Mencari Direktur RSUD NTB yang Tidak Merepotkan Gubernur

 

 

Mencari Direktur RSUD NTB yang Tidak Merepotkan Gubernur

Oleh: Aldo el-Haz Kaffa

 

Proses seleksi Direktur RSUD Provinsi NTB bukan sekadar pengisian jabatan administratif. Ini adalah momentum strategis menentukan wajah pelayanan kesehatan publik di NTB beberapa tahun ke depan.

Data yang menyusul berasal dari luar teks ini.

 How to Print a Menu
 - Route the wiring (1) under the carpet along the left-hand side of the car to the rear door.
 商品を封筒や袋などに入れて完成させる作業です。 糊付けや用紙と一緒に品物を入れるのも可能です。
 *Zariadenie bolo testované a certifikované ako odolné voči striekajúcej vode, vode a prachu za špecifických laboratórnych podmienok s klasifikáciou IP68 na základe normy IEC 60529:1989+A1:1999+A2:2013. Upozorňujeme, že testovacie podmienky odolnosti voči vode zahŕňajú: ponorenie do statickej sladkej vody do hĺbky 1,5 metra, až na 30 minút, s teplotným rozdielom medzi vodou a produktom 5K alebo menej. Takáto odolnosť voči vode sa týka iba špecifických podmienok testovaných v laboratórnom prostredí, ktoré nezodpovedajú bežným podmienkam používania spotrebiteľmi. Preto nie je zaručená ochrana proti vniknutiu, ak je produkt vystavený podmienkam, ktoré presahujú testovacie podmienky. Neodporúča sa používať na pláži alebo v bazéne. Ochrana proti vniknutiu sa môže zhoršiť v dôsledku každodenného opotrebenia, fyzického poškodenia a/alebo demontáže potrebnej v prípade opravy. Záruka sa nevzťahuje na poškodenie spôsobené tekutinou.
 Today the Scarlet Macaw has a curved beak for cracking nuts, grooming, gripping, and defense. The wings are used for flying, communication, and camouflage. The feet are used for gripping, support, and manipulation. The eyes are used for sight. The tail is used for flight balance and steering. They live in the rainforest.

RSUD bukan hanya tempat berobat. Ia adalah etalase kepemimpinan pemerintah daerah dalam menghadirkan pelayanan publik yang bermartabat. Maka wajar jika publik berharap Panitia Seleksi (Pansel) benar-benar menghadirkan kandidat terbaik—bukan sekadar yang memenuhi syarat formal, tetapi yang mampu mengeksekusi transformasi nyata.

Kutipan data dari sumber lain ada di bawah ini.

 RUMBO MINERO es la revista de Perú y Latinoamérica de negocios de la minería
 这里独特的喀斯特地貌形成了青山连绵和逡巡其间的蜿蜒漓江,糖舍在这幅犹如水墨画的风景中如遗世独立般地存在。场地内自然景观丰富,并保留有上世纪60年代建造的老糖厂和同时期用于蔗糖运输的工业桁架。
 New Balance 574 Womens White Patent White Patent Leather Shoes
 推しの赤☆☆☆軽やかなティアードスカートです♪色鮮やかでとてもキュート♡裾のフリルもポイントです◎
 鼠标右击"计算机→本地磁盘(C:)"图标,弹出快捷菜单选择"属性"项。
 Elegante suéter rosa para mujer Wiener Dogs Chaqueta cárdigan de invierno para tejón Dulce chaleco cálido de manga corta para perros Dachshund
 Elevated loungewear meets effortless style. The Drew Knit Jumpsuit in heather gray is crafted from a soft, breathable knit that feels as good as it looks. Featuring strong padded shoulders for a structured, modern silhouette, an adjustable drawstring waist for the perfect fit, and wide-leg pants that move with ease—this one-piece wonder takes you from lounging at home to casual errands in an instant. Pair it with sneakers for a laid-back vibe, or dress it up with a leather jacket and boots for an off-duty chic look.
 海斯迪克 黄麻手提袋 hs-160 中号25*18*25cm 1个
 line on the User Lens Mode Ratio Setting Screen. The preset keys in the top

Dalam konteks ini, ada tiga kriteria mendasar yang seyogianya menjadi perhatian utama.

Pertama: Selesai dengan Dirinya

Seorang Direktur RSUD haruslah figur yang selesai dengan ambisi pribadi, konflik kepentingan, dan agenda tersembunyi. Jabatan ini terlalu penting untuk dijadikan batu loncatan politik atau arena kompromi kepentingan. Direktur yang “selesai dengan dirinya” akan fokus pada misi pelayanan, bukan pada pencitraan. Ia bekerja untuk hasil, bukan sorotan. Ia tidak mudah terganggu oleh dinamika eksternal karena orientasinya jelas: keselamatan pasien dan mutu layanan.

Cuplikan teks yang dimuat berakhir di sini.